Add Arrow C Data Interface support#1
Conversation
Implements both directions of the Arrow C Data Interface spec (https://arrow.apache.org/docs/format/CDataInterface.html): - `Arrow.from_c_data(schema_ptr, array_ptr)` — import an Arrow array from C-owned memory; zero-copy via `unsafe_wrap`; `CDataHandle` finalizer calls the C `release` callbacks automatically. - `Arrow.to_c_data(col)` — export an `ArrowVector` or `Arrow.Table` to C; GC roots kept alive via a token-keyed global dict; `@cfunction` release callbacks (initialised in `__init__`) delete roots on consumer release. New public types: `ArrowSchema`, `ArrowArray`, `CImportedArray`, `CImportedTable`, and `release_c_data`. Supports all Arrow column types: primitives, Bool, String/binary, List (generic, large, fixed-size), Struct, Map, DenseUnion, SparseUnion, DictEncoded, Null, and all time/date/duration types. Handles nullable columns, non-zero array offsets, and custom metadata. 68 new tests in `test/cdatainterface.jl` covering format strings, buffer layout, validity bitmaps, round-trips, release semantics, non-zero offsets, and multi-column table import. Co-Authored-By: Claude Sonnet 4.6 (1M context) <noreply@anthropic.com>
Remove duplicate finalizer registrations in `from_c_data`: the
`CDataHandle` was getting a finalizer attached but `CImportedArray`
already owns and manages the handle's lifetime, causing a potential
double-free when the GC collected the handle.

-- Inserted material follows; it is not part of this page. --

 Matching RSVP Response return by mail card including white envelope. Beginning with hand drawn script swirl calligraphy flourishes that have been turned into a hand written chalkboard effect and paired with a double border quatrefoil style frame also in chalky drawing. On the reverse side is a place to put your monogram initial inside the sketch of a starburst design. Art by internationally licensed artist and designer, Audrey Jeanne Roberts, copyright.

Also widen `child_types` from `DataType[]` to `Type[]` so that
abstract element types (e.g. Union{...}) are accepted without a
type assertion error when building struct arrays.

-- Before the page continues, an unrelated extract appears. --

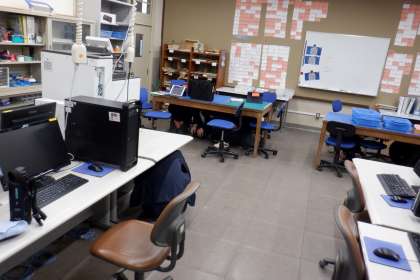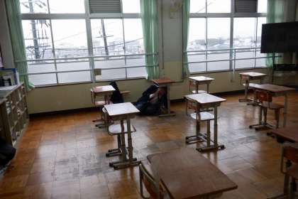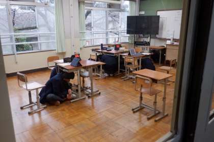 3月11日(火)1時間目にシェイクアウト訓練を実施しました。シェイクアウト訓練は、地震の際の安全確保行動『まず低く、頭を守り、動かない』を身につける訓練です。教室での授業、専門科での授業、実習の事前学習など、様々な場所で学習中でしたが、いつ起こるかわからない地震へ備えて、1分間安全確保行動を取る訓練を行いました。

Co-Authored-By: Claude Sonnet 4.6 (1M context) <noreply@anthropic.com>
CategoricalRefPool uses 0-based indices (0:n) with pool[0] as a missing sentinel. When passed to arrowvector, ToArrow wraps it with 1-based iteration (1..length(pool)). Since length(pool) == n+1, the last iteration calls pool[n+1], which is out of bounds. Fix: when firstindex(pool) != 1, skip the sentinel to give arrowvector a standard 1-based view (pool[1:end]). The existing inds adjustment (inds .-= firstindex(refa)) already produces correct Arrow dict indices (-1 for missing, 0..n-1 for valid values). Also add Table(::NamedTuple) constructor for the Arrow C Data path, and add Arrow as an explicit dep in test/Project.toml so that `julia --project=test test/runtests.jl` works in a local dev setup. Co-Authored-By: Claude Sonnet 4.6 (1M context) <noreply@anthropic.com>
Extend test/cdatainterface.jl with 13 new testsets covering all
previously untested code paths in src/cdatainterface.jl:
- Generic lists (+l): Int32, missing, String
- Fixed-size lists (+w:N): Float32 and Int64 tuples
- Maps (+m): Dict{String,Int32}
- Dense unions (+ud:) and sparse unions (+us:)
- All four Duration units (tDs/tDm/tDu/tDn)
- Time nanoseconds (ttn)
- Timestamp with UTC timezone
- Interval year-month (tiM) and day-time (tiD)
- Decimal{10,2,Int128} (d:10,2,128)
- Arrow.Table export round-trip via to_c_data
- Bool import with non-byte-aligned bit offset
- release_c_data idempotency (double-release is a no-op)
Writing the tests uncovered three bugs, all fixed in src/cdatainterface.jl:
1. Dense and sparse union import used `child_types = DataType[]`, which
rejects abstract element types such as `Union{Missing, Int32}`.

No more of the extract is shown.